Bug 239725

Summary: Using hdparm -W to change write cache hangs libata disk
Product: Red Hat Enterprise Linux 4 Reporter: nate.dailey
Component: kernelAssignee: Kimball Murray <kmurray>
Status: CLOSED CANTFIX QA Contact: Martin Jenner <mjenner>
Severity: medium Docs Contact:
Priority: medium    
Version: 4.5CC: chas.horvath, jbaron, mpaesold, smcgrath
Target Milestone: ---   
Target Release: ---   
Hardware: All   
OS: Linux   
Whiteboard:
Fixed In Version: Doc Type: Bug Fix
Doc Text:
Story Points: ---
Clone Of: Environment:
Last Closed: 2008-01-29 19:31:44 UTC Type: ---
Regression: --- Mount Type: ---
Documentation: --- CRM:
Verified Versions: Category: ---
oVirt Team: --- RHEL 7.3 requirements from Atomic Host:
Cloudforms Team: --- Target Upstream Version:
Embargoed:

Description nate.dailey 2007-05-10 19:31:52 UTC
Description of problem:

Using hdparm -W to modify write cache setting on a SATA disk using libata
(sata_vsc in my case) results in the disk hanging waiting for error handling.
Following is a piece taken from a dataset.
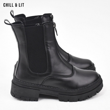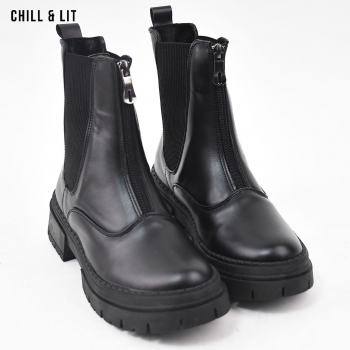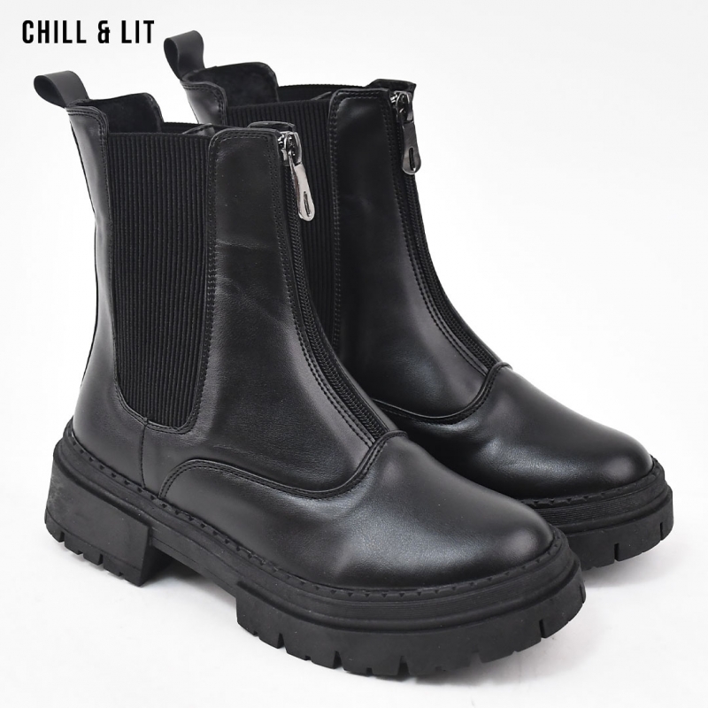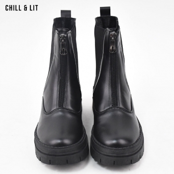 Bottines en Cuir pour Femme avec Doublure Ultra Chaude et Douce, Fermeture Glissière, Tige à Hauteur 15cm et Semelle Hauteur 5cm Tendance cet Hiver.  Pointure sur la photo : 36.

Version-Release number of selected component (if applicable):

This happens with RHEL4 U5.


How reproducible:

Every time.


Steps to Reproduce:
1. hdparm -W 0 /dev/sda

  
Actual results:

IO to the disk hangs


Expected results:

IO does not hang.


Additional info:

libata-scsi's ata_scsi_qc_complete:

   1395 	/* We snoop the SET_FEATURES - Write Cache ON/OFF command, and
   1396 	 * schedule EH_REVALIDATE operation to update the IDENTIFY DEVICE
   1397 	 * cache
   1398 	 */
   1399 	if (ap->ops->error_handler &&
   1400 	    !need_sense && (qc->tf.command == ATA_CMD_SET_FEATURES) &&
   1401 	    ((qc->tf.feature == SETFEATURES_WC_ON) ||
   1402 	     (qc->tf.feature == SETFEATURES_WC_OFF))) {
   1403 		ap->eh_info.action |= ATA_EH_REVALIDATE;
   1404 		ata_port_schedule_eh(ap);
   1405 	}

Then, ata_port_schedule_eh calls scsi_schedule_eh:

     64 void scsi_schedule_eh(struct Scsi_Host *shost)
     65 {
     66 	unsigned long flags;
     67 
     68 	spin_lock_irqsave(shost->host_lock, flags);
     69 
     70 	if (test_and_set_bit(SHOST_RECOVERY, &shost->shost_state) == 0 ||
     71 	    test_and_set_bit(SHOST_CANCEL, &shost->shost_state) == 0) {
     72 		scsi_eh_wakeup(shost);
     73 	}
     74 
     75 	spin_unlock_irqrestore(shost->host_lock, flags);
     76 

The scsi_eh_wakeup doesn't trigger error handling, because at this point
host_busy != host_failed.

It turns out that scsi_device_unbusy should wake up error handling:

    390 void scsi_device_unbusy(struct scsi_device *sdev)
    391 {
    392 	struct Scsi_Host *shost = sdev->host;
    393 	unsigned long flags;
    394 
    395 	spin_lock_irqsave(shost->host_lock, flags);
    396 	shost->host_busy--;
    397 	if (unlikely(test_bit(SHOST_RECOVERY, &shost->shost_state) &&
    398 		     shost->host_failed))
    399 		scsi_eh_wakeup(shost);

However, it doesn't, because host_failed is 0. At this point, no more IO can
happen because the host is waiting for error handling, but we'll never get into
error handling.

Later kernels have "host_eh_scheduled" which fixes this problem.

Comment 1 Andrius Benokraitis 2008-01-29 19:31:44 UTC
Kimball is no longer the onsite engineer, please reopen (Simon) if you'd like to
pick this up. Neither of these bug btw have been prioritized correctly.